** Dataset extract follows **

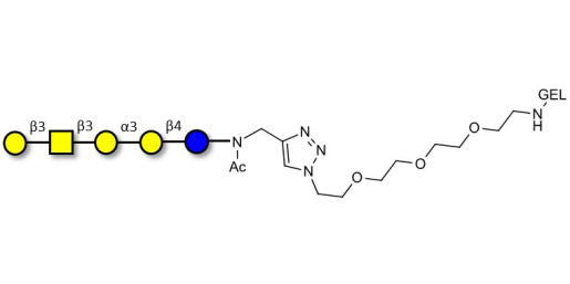 Glycan structure: Galβ1-3GalNAcβ1-3Galα1-3Galβ1-4Glc-NAc-CH2-(1.4-Tz)-(CH2)2-EG3-NH-Gel
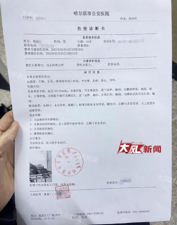 哈尔滨市公安医院伤情诊断书显示,委托办案单位是尚志街派出所。初步诊断,崔师傅头面部软组织挫擦伤,左眼软组织钝挫伤,左上颌窦外侧壁骨折,左颧弓多发骨折,左耳和膝部软组织挫伤。
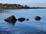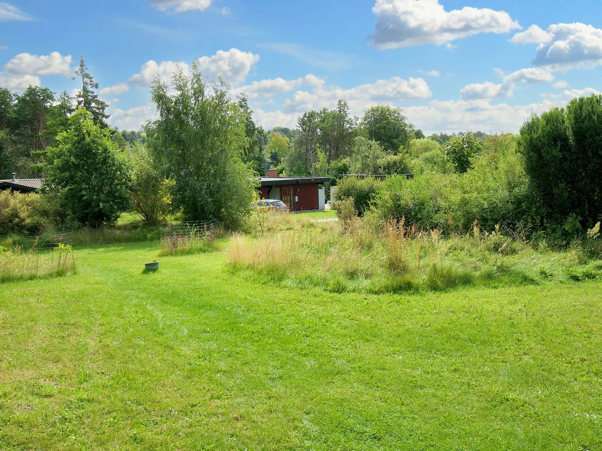 Ferienhaus mit Blick zum Wasser von einer der Terrassen und ruhiger Lage nahe Ordrup. Das Ferienhaus bietet zwei Schlafzimmer mit je zwei Schlafplätzen sowie ein separates Nebengebäude mit Doppelbett. Offener Küchen-/Wohnbereich im Haus für das Familienleben.

** End of Dataset extract **

Pass over the images and copy the rest of the material above exactly.

 Glycan structure: Galβ1-3GalNAcβ1-3Galα1-3Galβ1-4Glc-NAc-CH2-(1.4-Tz)-(CH2)2-EG3-NH-Gel
 哈尔滨市公安医院伤情诊断书显示,委托办案单位是尚志街派出所。初步诊断,崔师傅头面部软组织挫擦伤,左眼软组织钝挫伤,左上颌窦外侧壁骨折,左颧弓多发骨折,左耳和膝部软组织挫伤。
 Ferienhaus mit Blick zum Wasser von einer der Terrassen und ruhiger Lage nahe Ordrup. Das Ferienhaus bietet zwei Schlafzimmer mit je zwei Schlafplätzen sowie ein separates Nebengebäude mit Doppelbett. Offener Küchen-/Wohnbereich im Haus für das Familienleben.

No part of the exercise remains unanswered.